Try it
Write out the whole listing below exactly, skipping each picture.

Dataset excerpt
____________________

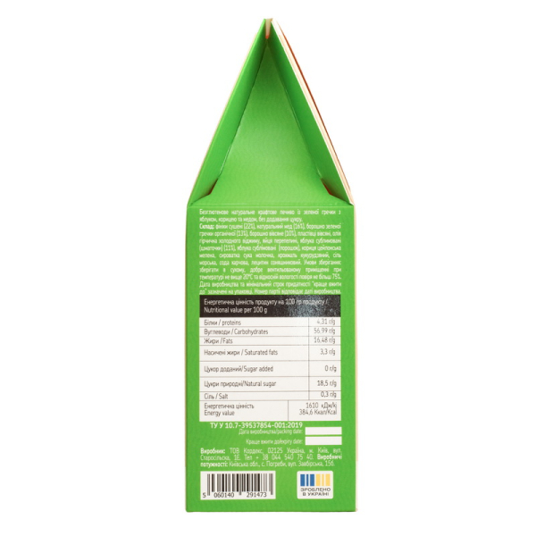 Склад: фініки (22%), мед (16%), борошно зеленої гречки органічної (13%), борошно вівсяне (10%), пластівці вівсяні, олія гірчична холодного віджиму, яйця перепелині, яблука шматочки (11%), яблука порошок, кориця цейлонська мелена, сироватка молочна суха, крохмаль кукурудзяний, сіль морська, сода харчова, лецитин соняшниковий.
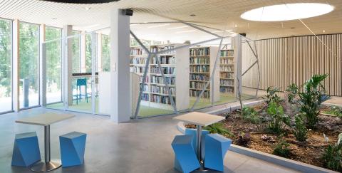 - de nombreuses ouvertures vitrées vers l'extérieur pour affirmer le lien avec le végétal et apporter plus de luminosité au bâtiment.
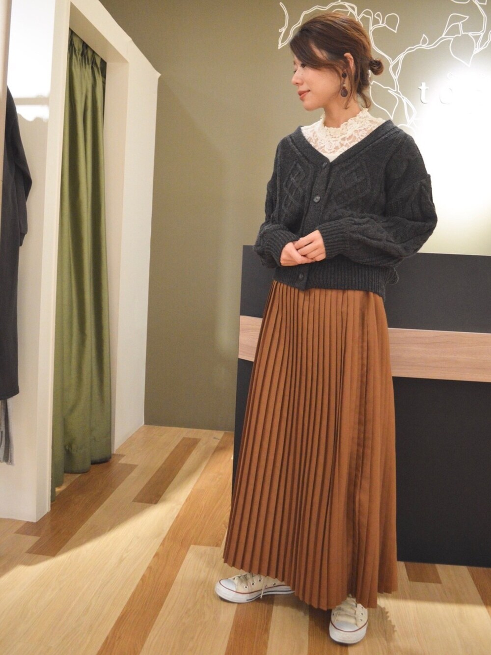 ケーブル編みざっくりカーデの新作が入ってきました♡ お袖は程よいふっくら感 レースハイネックのインナーと好相性です! プリーツスカートは、長さが2種類 私が着用したのは「ミモレ」 もう1種類は「ミディ」 同じお色で好きな長さをお選び頂けます!
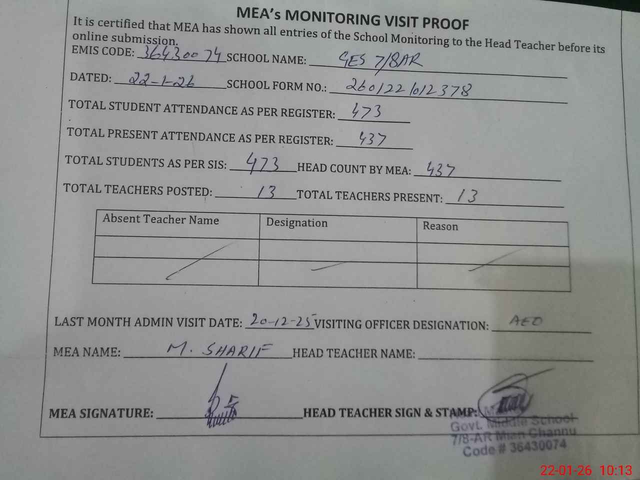 | Attendance Register | Head Teacher | MEA with School | Visit Proof |

____________________

Your solution
 Склад: фініки (22%), мед (16%), борошно зеленої гречки органічної (13%), борошно вівсяне (10%), пластівці вівсяні, олія гірчична холодного віджиму, яйця перепелині, яблука шматочки (11%), яблука порошок, кориця цейлонська мелена, сироватка молочна суха, крохмаль кукурудзяний, сіль морська, сода харчова, лецитин соняшниковий.
 - de nombreuses ouvertures vitrées vers l'extérieur pour affirmer le lien avec le végétal et apporter plus de luminosité au bâtiment.
 ケーブル編みざっくりカーデの新作が入ってきました♡ お袖は程よいふっくら感 レースハイネックのインナーと好相性です! プリーツスカートは、長さが2種類 私が着用したのは「ミモレ」 もう1種類は「ミディ」 同じお色で好きな長さをお選び頂けます!
 | Attendance Register | Head Teacher | MEA with School | Visit Proof |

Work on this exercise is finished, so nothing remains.